* YOUR TASK: Where the entries below show "Buenas tardes, por", begin there and print that line and all following lines exactly, through the last, omitting pictures.

* DATA EXCERPTS:
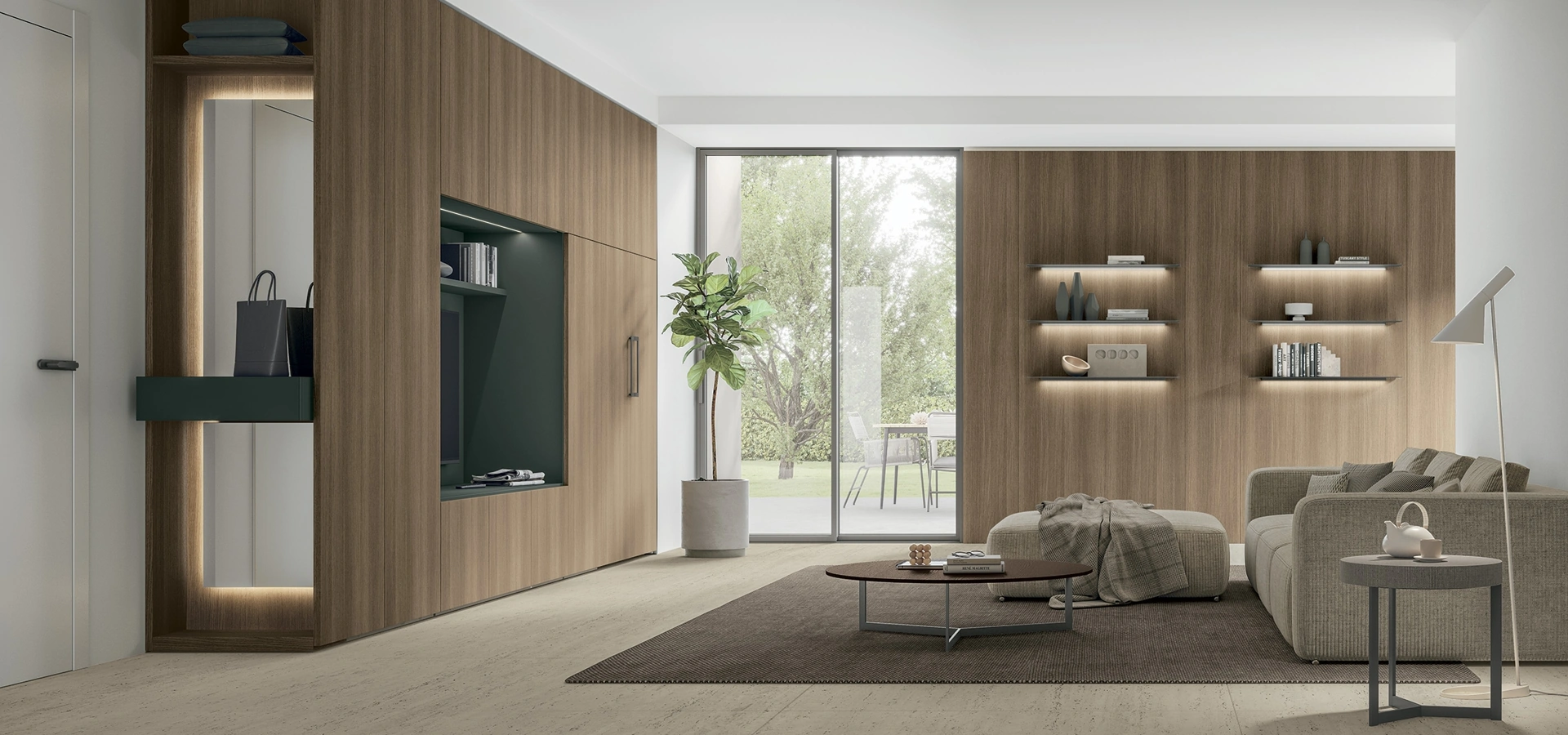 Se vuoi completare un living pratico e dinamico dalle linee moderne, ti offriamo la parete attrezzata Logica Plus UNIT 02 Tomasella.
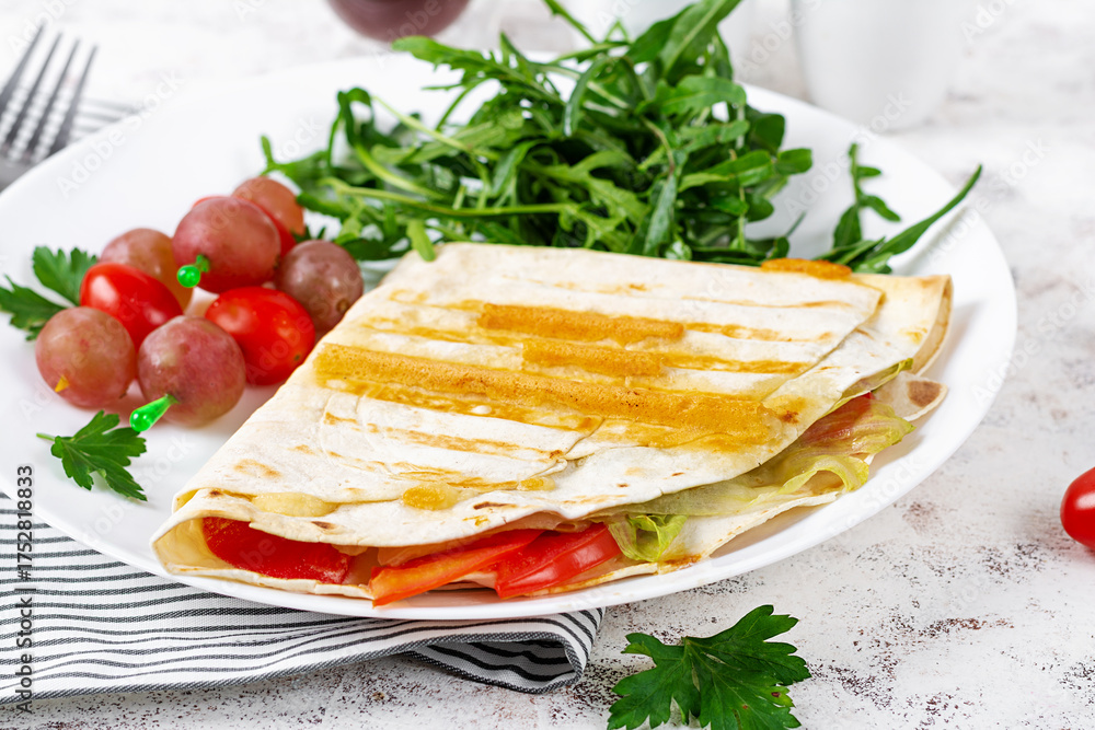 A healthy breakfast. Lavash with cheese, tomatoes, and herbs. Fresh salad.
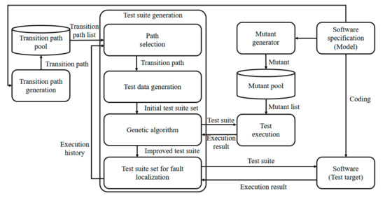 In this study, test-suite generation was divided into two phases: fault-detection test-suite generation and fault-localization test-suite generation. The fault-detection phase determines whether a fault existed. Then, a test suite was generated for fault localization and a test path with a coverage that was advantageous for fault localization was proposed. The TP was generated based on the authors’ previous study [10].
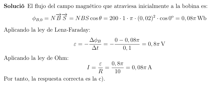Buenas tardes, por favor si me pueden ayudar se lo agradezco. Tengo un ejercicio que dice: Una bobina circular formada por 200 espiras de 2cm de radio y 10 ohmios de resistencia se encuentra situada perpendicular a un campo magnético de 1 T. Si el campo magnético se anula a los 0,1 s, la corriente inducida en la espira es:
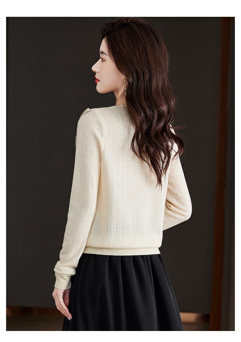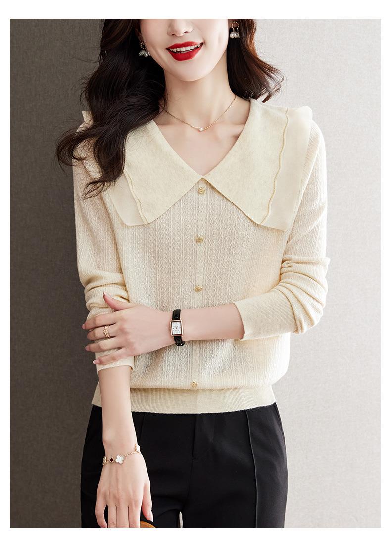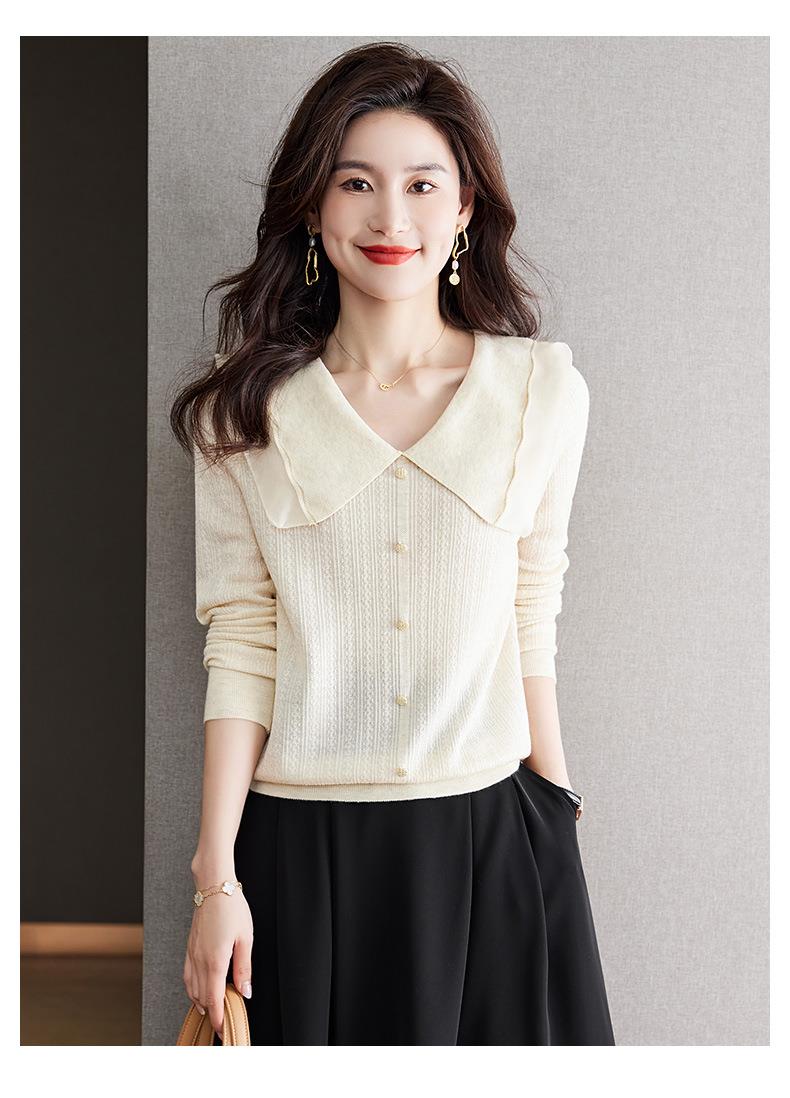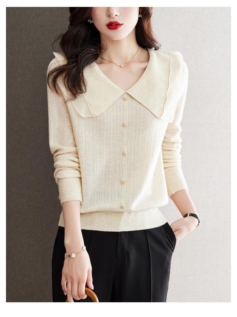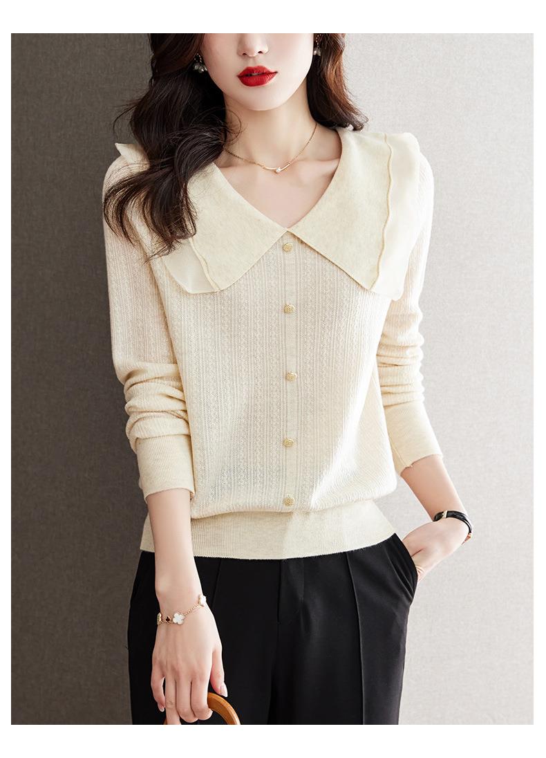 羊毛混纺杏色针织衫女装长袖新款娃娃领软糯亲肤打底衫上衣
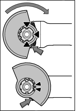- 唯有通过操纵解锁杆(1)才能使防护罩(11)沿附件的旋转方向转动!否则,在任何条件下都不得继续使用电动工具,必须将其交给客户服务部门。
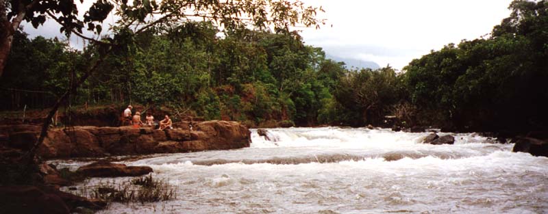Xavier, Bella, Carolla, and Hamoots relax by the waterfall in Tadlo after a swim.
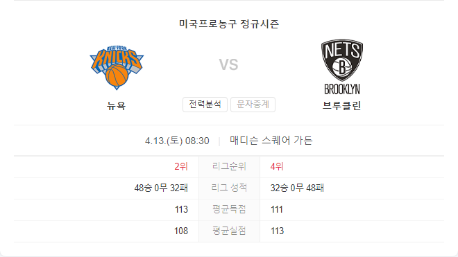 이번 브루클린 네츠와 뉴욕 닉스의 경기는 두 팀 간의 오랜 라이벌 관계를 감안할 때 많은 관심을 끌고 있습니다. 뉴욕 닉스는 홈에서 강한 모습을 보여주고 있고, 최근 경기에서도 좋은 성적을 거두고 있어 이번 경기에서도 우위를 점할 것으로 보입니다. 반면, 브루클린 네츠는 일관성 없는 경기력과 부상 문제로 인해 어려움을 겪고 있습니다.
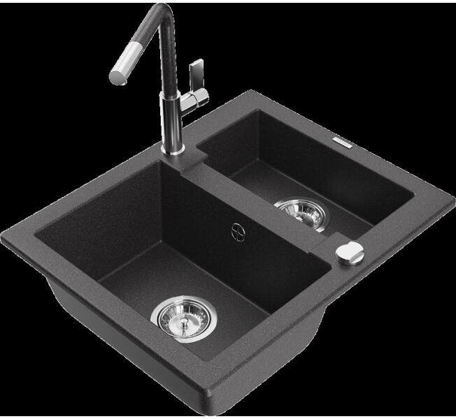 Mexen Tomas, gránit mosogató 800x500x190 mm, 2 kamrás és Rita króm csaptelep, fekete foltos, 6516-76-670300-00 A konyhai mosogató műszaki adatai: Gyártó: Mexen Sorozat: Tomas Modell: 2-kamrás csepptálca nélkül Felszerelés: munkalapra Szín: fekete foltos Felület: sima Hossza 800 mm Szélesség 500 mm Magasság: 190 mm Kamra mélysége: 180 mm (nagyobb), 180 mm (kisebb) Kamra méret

* RESPONSE AREA:
Buenas tardes, por favor si me pueden ayudar se lo agradezco. Tengo un ejercicio que dice: Una bobina circular formada por 200 espiras de 2cm de radio y 10 ohmios de resistencia se encuentra situada perpendicular a un campo magnético de 1 T. Si el campo magnético se anula a los 0,1 s, la corriente inducida en la espira es:
 羊毛混纺杏色针织衫女装长袖新款娃娃领软糯亲肤打底衫上衣
- 唯有通过操纵解锁杆(1)才能使防护罩(11)沿附件的旋转方向转动!否则,在任何条件下都不得继续使用电动工具,必须将其交给客户服务部门。
Xavier, Bella, Carolla, and Hamoots relax by the waterfall in Tadlo after a swim.
 이번 브루클린 네츠와 뉴욕 닉스의 경기는 두 팀 간의 오랜 라이벌 관계를 감안할 때 많은 관심을 끌고 있습니다. 뉴욕 닉스는 홈에서 강한 모습을 보여주고 있고, 최근 경기에서도 좋은 성적을 거두고 있어 이번 경기에서도 우위를 점할 것으로 보입니다. 반면, 브루클린 네츠는 일관성 없는 경기력과 부상 문제로 인해 어려움을 겪고 있습니다.
 Mexen Tomas, gránit mosogató 800x500x190 mm, 2 kamrás és Rita króm csaptelep, fekete foltos, 6516-76-670300-00 A konyhai mosogató műszaki adatai: Gyártó: Mexen Sorozat: Tomas Modell: 2-kamrás csepptálca nélkül Felszerelés: munkalapra Szín: fekete foltos Felület: sima Hossza 800 mm Szélesség 500 mm Magasság: 190 mm Kamra mélysége: 180 mm (nagyobb), 180 mm (kisebb) Kamra méret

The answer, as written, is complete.